• _Exercise objective_: How many lines of the entries hold the string "containers"? Reply with the number alone.

======== Available data ========

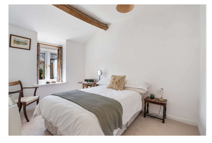
Fixtures and Fittings All items mentioned in these sale particulars are included in the sale. All other items are expressly excluded.

Council Tax This is payable to Stratford on Avon District Council. The property is listed in band C.
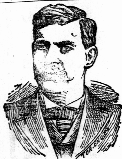
HON. NATHANIEL CLARKE WALLACE, M.P.

Hon. Clark Wallace's condition is somewhat improved and his physicians say his chances are now favorable.
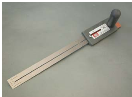
Insertion Tool #4602
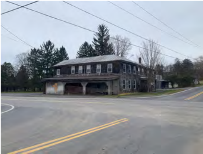
West and south elevations
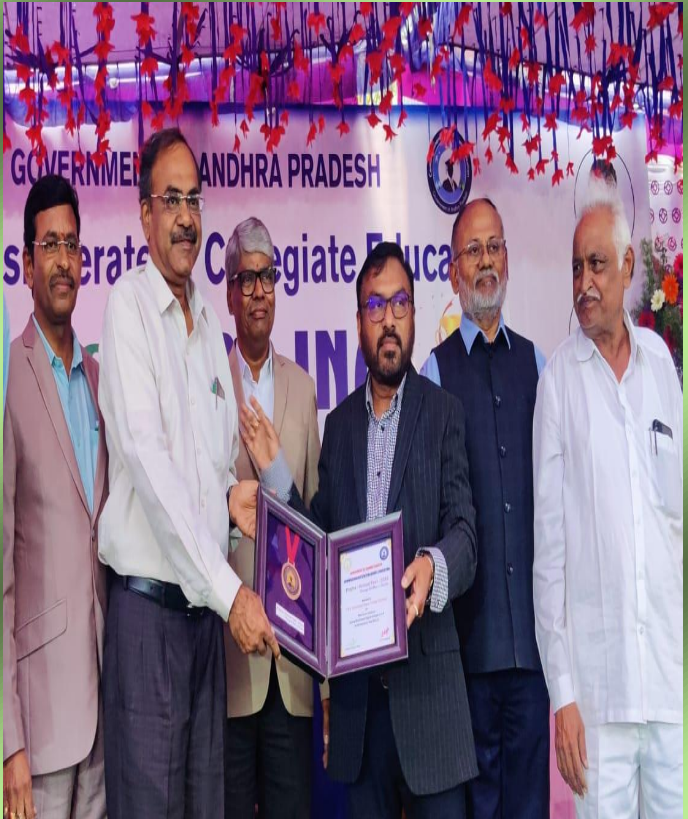
Best Green Initiatives Award from Commissioner
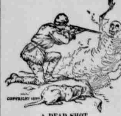
A DEAD SHOT

Right at the seat of difficulty, is accomplished by the sure and steady aim of Dr. Sage's Catarrh Remedy. Don't fool around with a pop-gun, nor a "Flint-lock," when this reliable "Winchester" is within reach!
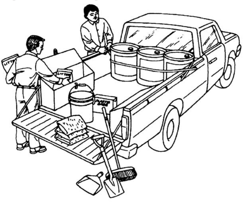
Always carry an emergency spill kit and carefully secure all pesticide containers.

Never leave pesticides unattended. You are legally responsible if people are accidentally poisoned from pesticides left unattended in your vehicle. Move the pesticides into your storage facility as soon as possible. Inspect the vehicle thoroughly after unloading to determine if any containers were damaged or any pesticide leaked or spilled.
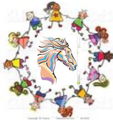
T-Shirt design in process for the local therapy riding group

========

• _Your solution_: 2